Нефильтрованный. Мое сумасшедшее десятилетие в «Формуле-1» — страница 13 из 47

Renault, Manor и Sauber. Такого мы точно заслуживали. Если бы нам предложили подобный расклад в любой момент до начала сезона, мы бы приняли его без вопросов, так что команда была счастлива.

Еще одним ярким событием 2016 года стало то, что команда набрала последнее очко в сезоне на Гран-при США. Несмотря на домашний Гран-при и тот факт, что американская команда впервые за три десятилетия принимала участие в гонке, мы понятия не имели, поддержит ли нас американская общественность и если да, то в какой степени. Пиар-машина заработала за неделю до гонки, когда мы отправили Романа и Эстебана в Северную Каролину, и там наших гонщиков прекрасно приняли. Хоть это и помогло, все прекрасно понимали: единственное, чего не хватало Америке и «Формуле-1», – это американского пилота. Это было необходимо, чтобы укрепить отношения. В итоге американская публика все же приняла нас тепло и с энтузиазмом, и финиш в очковой зоне нам также не помешал. Я даже видел в толпе один или два флага Haas, что не могло не радовать. Как и сам сезон, это стало позитивным началом.
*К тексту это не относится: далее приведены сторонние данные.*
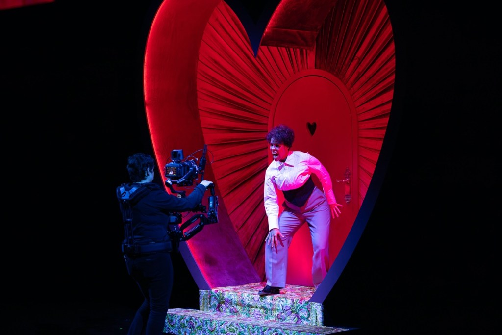 Zahra Newman and camera operator Lucy Parakhina. Photo: Daniel Boud. Dracula is aware of its own camp comedy and Newman relishes in it. The variety of character accents are each slightly ridiculous. Newman’s Dracula comes across like a mix of an 90s european raver (the red hair reminded me of Run Lola Run) and The Room’s Tommy Wiseau (“I vant to suck your blaaad”). Van Helsing looked like the wise karate teacher from a 70s blaxploitation film. When Newman dons a curly blonde wig to play Lucy Westerna the irrepressible silliness of the look gets its own hearty laugh. It’s clear the whole production team was having a lot of fun.
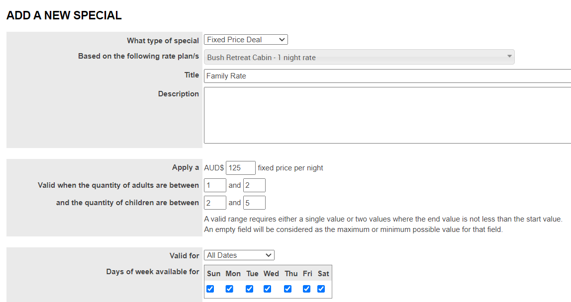 New functionality has been introduced for accommodation providers, allowing them to set up specials which are based on parameters around the number of adults and/or children. This is particularly appropriate to campground clients.

К слову, последней американской командой, участвовавшей в чемпионате мира «Формулы-1», была Haas Lola (она же Team Haas), которая существовала примерно в середине 1980-х. Основателем и владельцем Haas Lola являлся автоспортивный импресарио по имени Карл Хаас (насколько я знаю, не имеющий отношения к Джину). Он добился огромного успеха в «Индикаре», выиграв чемпионаты с такими гонщиками, как Найджел Мэнселл, Майкл и Марио Андретти. Несмотря на то что в Haas Lola удалось переманить великого Алана Джонса[15], команда просуществовала всего два сезона, сумев попасть на стартовую решетку лишь 20 раз. Невзирая на сходство в названии, мы решили не напоминать о Haas Lola, поскольку это не вызвало бы доверия. «Эй, ребят, вы хоть знаете, что последняя американская команда “Формулы-1” до вас тоже носила название Haas? Она была полным дерьмом!»

Период становления

Хотя при такой деятельности, как та, которую я вел в Haas, никогда не перестаешь учиться, первый сезон оказался гораздо сложнее, чем последующие, и я помню, что несколько раз чувствовал себя не в своей тарелке. Обычно это было как-то связано с тем, что пилоты ссорились с инженерами во время совещаний по итогам гонки.

Впервые я узнал об этом в мае после Гран-при Испании. Совещания проходили на крыше моторхоума, где с одной стороны находились инженеры по обработке данных Ferrari, а с другой – такие же инженеры Haas. Разумеется, разделенные стеной. На нашей стороне моторхоума стоял большой стол, и после каждой гонки мы собирались именно за ним.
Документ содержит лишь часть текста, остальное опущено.